TREEGAME - Editorial

Problem Link: contest, practice

Difficulty: Easy

Pre-requisites: Greedy, Games

Problem:

Given a rooted tree. Two players play a game on the tree. The first player can delete arbitrary non-empty set of roots during his turn, the second player can delete arbitrary non-empty set of leaves during his turn. The game ends when the tree becomes empty. The first player wants the game to end as soon as possible, while the second player wants the game to run as long as possible. Both players play optimally. You are to determine the number of moves of the game.

Explanation:

In problems like this it’s always required to come up with some insights like “It’s always optimal to play like this…” or “It’s possible to win making only that kind of operations…” and so on.

The first greedy insight for solving this problem is the following: the first player should always delete all available roots at the moment.

Why? Because he wants to end up this game as soon as possible! Not deleting all available roots may lead the game to be longer.

The second player always delete the deepest leaf in the current tree.

So, we should just simulate the game according to the winning strategy of both players. Let’s focus on some implementation details.

First of all, we can sort all the vertices by its depth. Then we can maintain pointer L on the last vertex deleted by the first player. Also, we can maintain pointers R on the last vertex deleted by the first player.

When it’s the first player’s move, then we should delete all vertices that have the same depth with L’s vertex in sorted order.

When it’s the second player’s move, then we should delete R’s vertex in sorted order.

Total complexity is O( N log N ) per testcase.

Please, check out Setter’s and Tester’s solutions for your better understanding.

Setter’s Solution: link

Tester’s Solution: link

1 Like

I think the problem statement was very disappointing and had too many assumptions about the way of interpreting the problem statement as a reader.

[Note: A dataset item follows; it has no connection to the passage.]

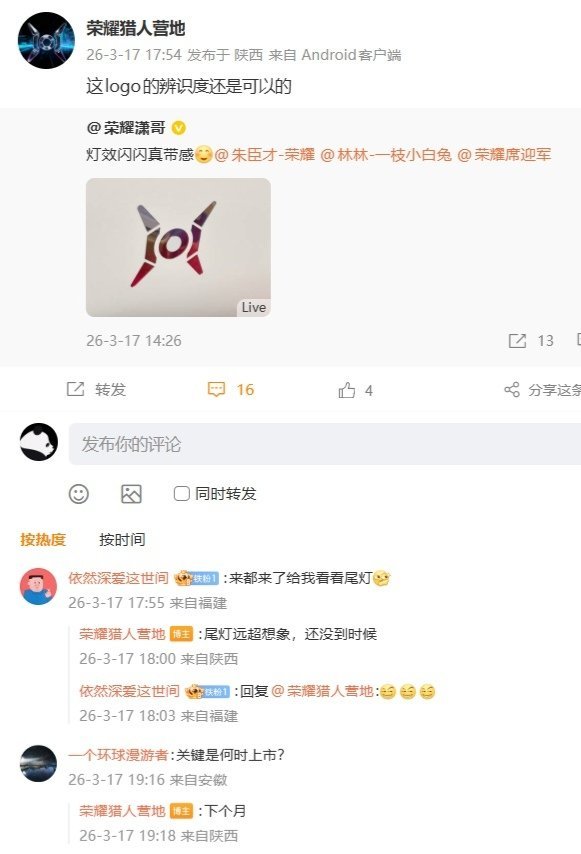 值得一提的是,此次展示的发光 LOGO 与荣耀猎人笔记本的 LOGO 相似。在 2024 年 3 月 18 日的荣耀春季旗舰新品发布会上,MagicBook Pro 16 笔记本正式发布,官方还宣布荣耀猎人游戏本正式回归。

I asked you a few questions during the challenge with no answers, but at the end, I managed to understand it after getting the crucial “hint” from the announcement.

Technically, the way you’ve wanted to define the leaves, did not correspond to the real definition of leaves in a tree.

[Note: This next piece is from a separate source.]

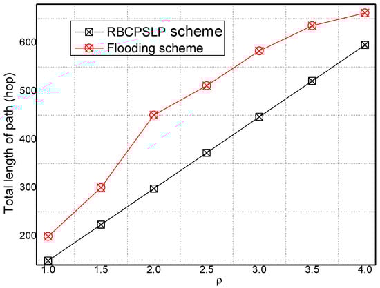 The total path length in Flooding scheme and RBCPSLP scheme ().

"A leaf is a vertex of degree 1. An internal vertex is a vertex of degree at least 2." (Wikipedia)

Also, when I drew the tree on my scratchpaper, I had marked the number 1 node as the root. So my tree was rooted, but not drawn in the way, where deeper nodes are closer to the bottom of the paper. So when I removed a node in my mind, I was thinking about for a long time, which nodes were the new roots of the new subtrees.

14 Likes

The problem can actually be solved in O(n) time. Just compute depths by breadth-first search, and no sorting is required since BFS guarantees that processed vertices will have nondecreasing depths. (I’d have to admit though that I failed to solve this during the contest because I took the edges as unidirectional.)

1 Like

I misunderstood edges as directed :frowning:

3 Likes

The problem statement was not clear enough :-/
At least there could have been an example to show that edges were undirected.

5 Likes

Did this one with a deque, really short code after calculating all the depths. :slight_smile:

Can someone point out which case am I missing here -
http://www.codechef.com/viewsolution/4621787

I used dfs to find height of the tree and number of nodes at each level. Then at each turn the first player moves one level down and the other player subtracts one node if there is any left on his level or else he moves up.

The soln gives WA after 0.15 secs so it must be a corner case or some thing :stuck_out_tongue:
Even some tough test case would be helpful where my code fails.

I did it using Level order traversal of the tree.
Then start from last level and for every node in the current level increase the turn number for both the players .Then the turn where the players are on the same level, answer there is ans=2turn+1 or 2turn-1.

My solution: http://www.codechef.com/viewsolution/4643962

i have a testcase where the given algorithm may give a wrong answer :
1
8
1 2
2 5
5 8
1 3
3 6
1 4
4 7
the answer to this is 6 while the given algorithm will give 5 as answer!!!

1 Like

Alternatively, the depths are up to N, so linear-time sort works as well.

I also thought about that. But then again, we don’t talk about edge directions with trees (plus if they’re rooted, there’s a clear direction “to the root”).

2 Likes

me too assumed that the edges are unidirectional. problem statement is too unclear :frowning:

How does it matter if the graph is undirected? Can you please put a test case here to show how answer would be different if a graph is undirected?